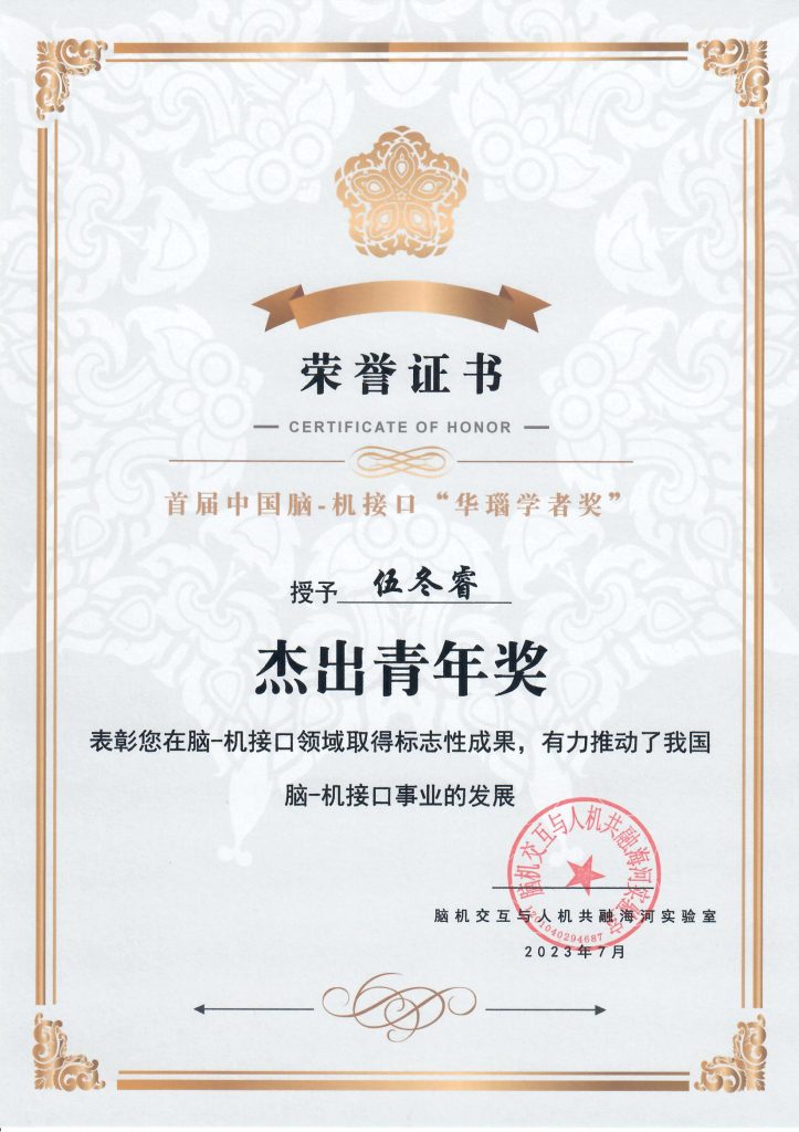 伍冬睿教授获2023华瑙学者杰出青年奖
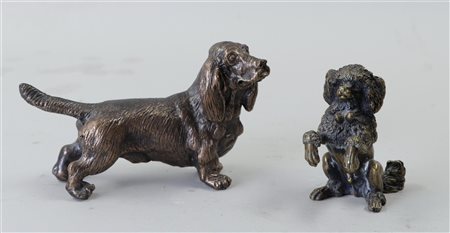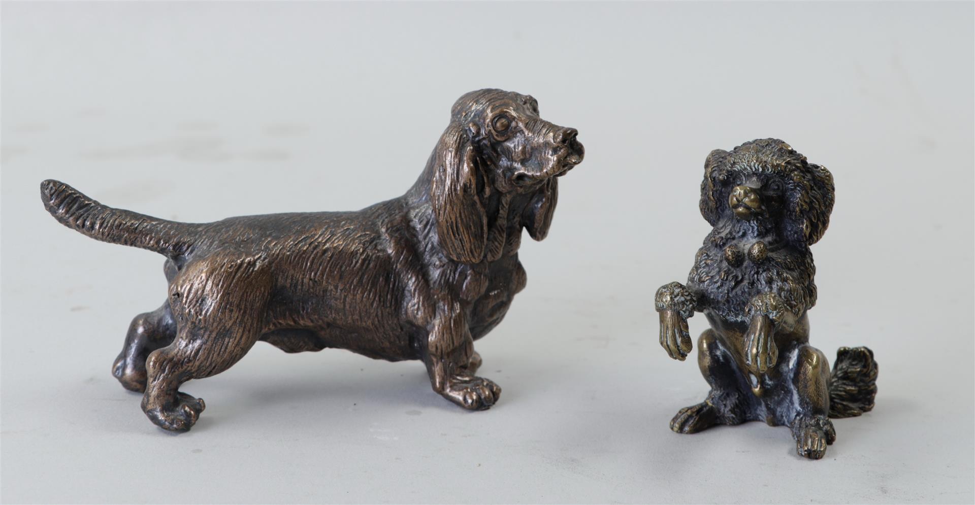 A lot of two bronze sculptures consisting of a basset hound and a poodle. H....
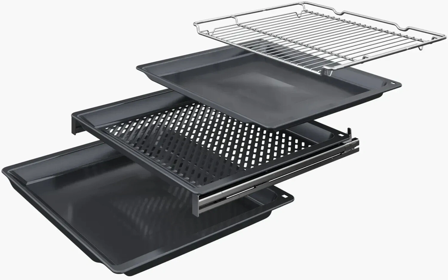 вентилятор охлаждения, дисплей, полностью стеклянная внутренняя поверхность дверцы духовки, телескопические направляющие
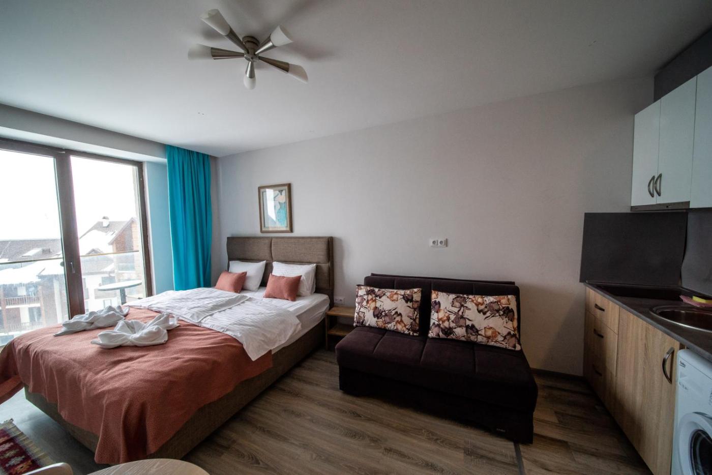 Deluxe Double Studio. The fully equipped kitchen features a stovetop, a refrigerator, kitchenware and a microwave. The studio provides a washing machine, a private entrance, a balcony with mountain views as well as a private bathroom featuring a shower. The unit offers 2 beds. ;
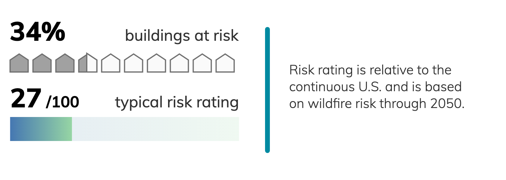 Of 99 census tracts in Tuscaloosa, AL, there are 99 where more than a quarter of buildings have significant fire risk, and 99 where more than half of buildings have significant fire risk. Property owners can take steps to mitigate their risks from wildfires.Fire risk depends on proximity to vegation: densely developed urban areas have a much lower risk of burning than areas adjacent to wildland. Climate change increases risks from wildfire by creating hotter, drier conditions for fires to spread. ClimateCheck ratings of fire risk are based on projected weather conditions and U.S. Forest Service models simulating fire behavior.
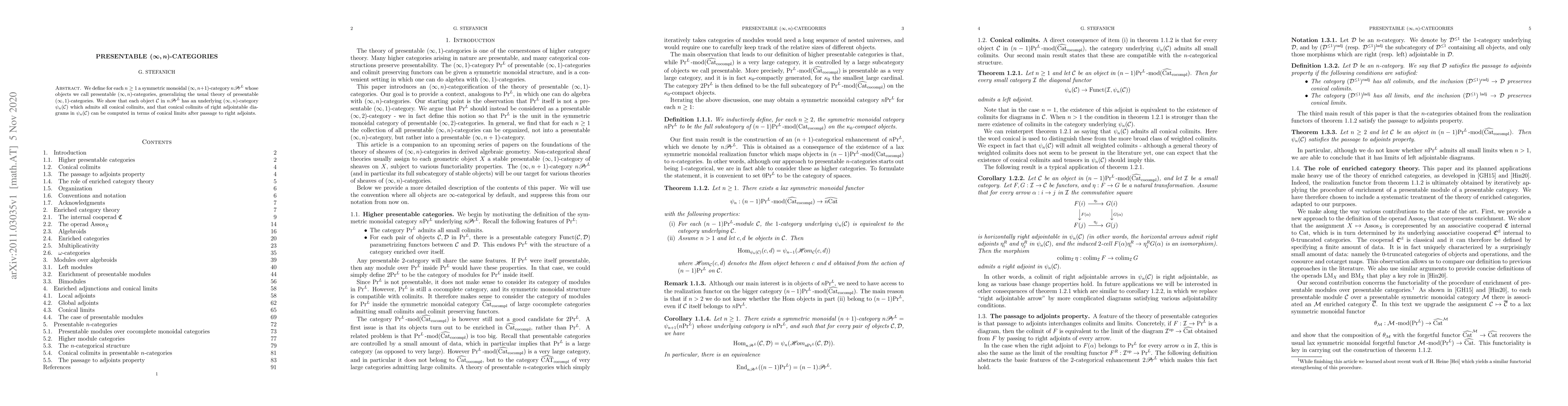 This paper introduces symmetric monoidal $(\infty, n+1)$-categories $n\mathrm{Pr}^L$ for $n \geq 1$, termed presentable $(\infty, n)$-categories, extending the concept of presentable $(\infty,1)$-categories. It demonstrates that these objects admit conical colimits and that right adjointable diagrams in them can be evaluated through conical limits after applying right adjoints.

■ ■ ■

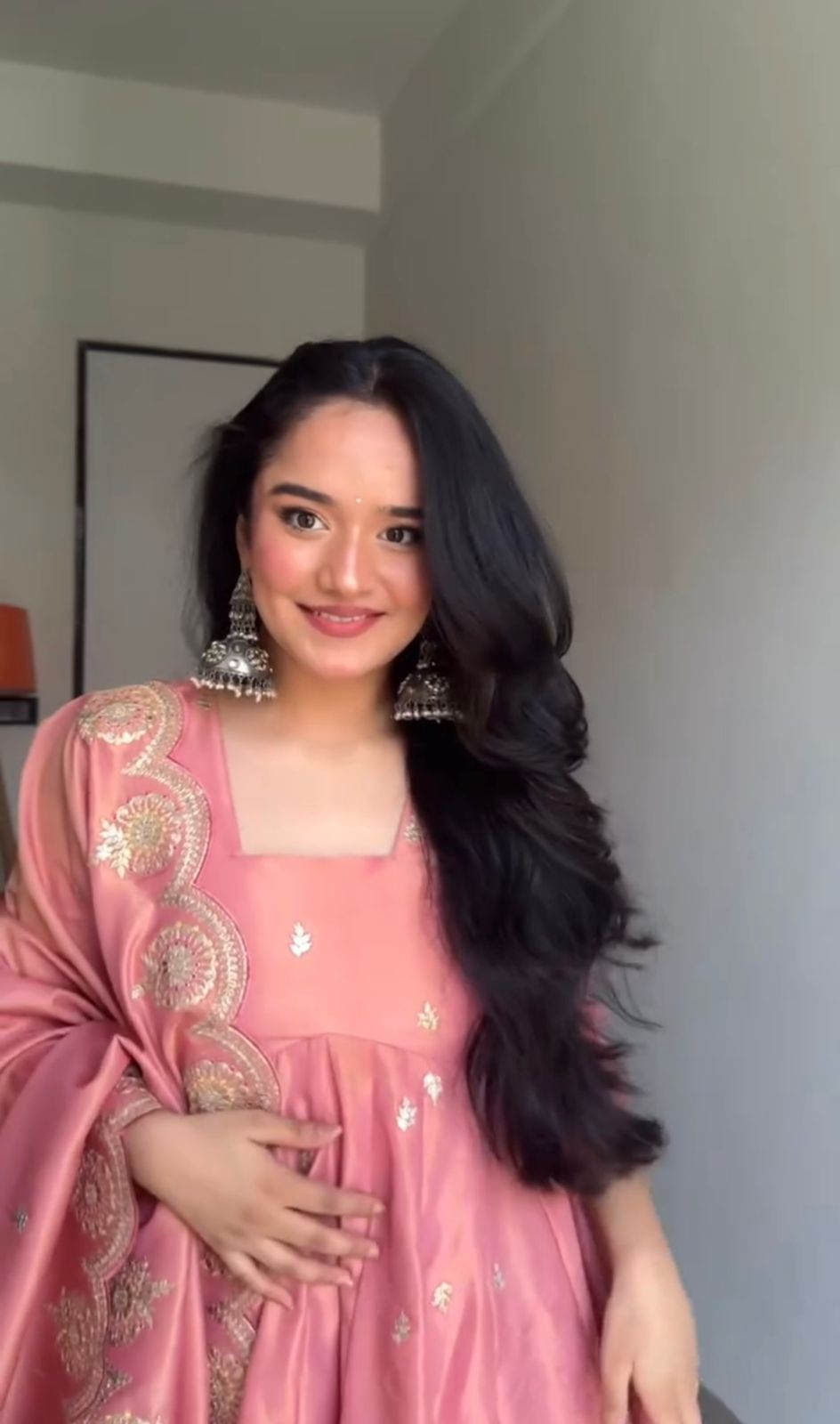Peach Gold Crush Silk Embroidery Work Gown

■ ■ ■

### DIRECTIONS
All lines above from the one containing "伍冬睿教授获2023华瑙学者杰出青年奖" up to and including the one containing "This paper introduces" are to be set down exactly, and nothing else. Leave images out.

### WORKED SOLUTION
 伍冬睿教授获2023华瑙学者杰出青年奖
 A lot of two bronze sculptures consisting of a basset hound and a poodle. H....
 вентилятор охлаждения, дисплей, полностью стеклянная внутренняя поверхность дверцы духовки, телескопические направляющие
 Deluxe Double Studio. The fully equipped kitchen features a stovetop, a refrigerator, kitchenware and a microwave. The studio provides a washing machine, a private entrance, a balcony with mountain views as well as a private bathroom featuring a shower. The unit offers 2 beds. ;
 Of 99 census tracts in Tuscaloosa, AL, there are 99 where more than a quarter of buildings have significant fire risk, and 99 where more than half of buildings have significant fire risk. Property owners can take steps to mitigate their risks from wildfires.Fire risk depends on proximity to vegation: densely developed urban areas have a much lower risk of burning than areas adjacent to wildland. Climate change increases risks from wildfire by creating hotter, drier conditions for fires to spread. ClimateCheck ratings of fire risk are based on projected weather conditions and U.S. Forest Service models simulating fire behavior.
 This paper introduces symmetric monoidal $(\infty, n+1)$-categories $n\mathrm{Pr}^L$ for $n \geq 1$, termed presentable $(\infty, n)$-categories, extending the concept of presentable $(\infty,1)$-categories. It demonstrates that these objects admit conical colimits and that right adjointable diagrams in them can be evaluated through conical limits after applying right adjoints.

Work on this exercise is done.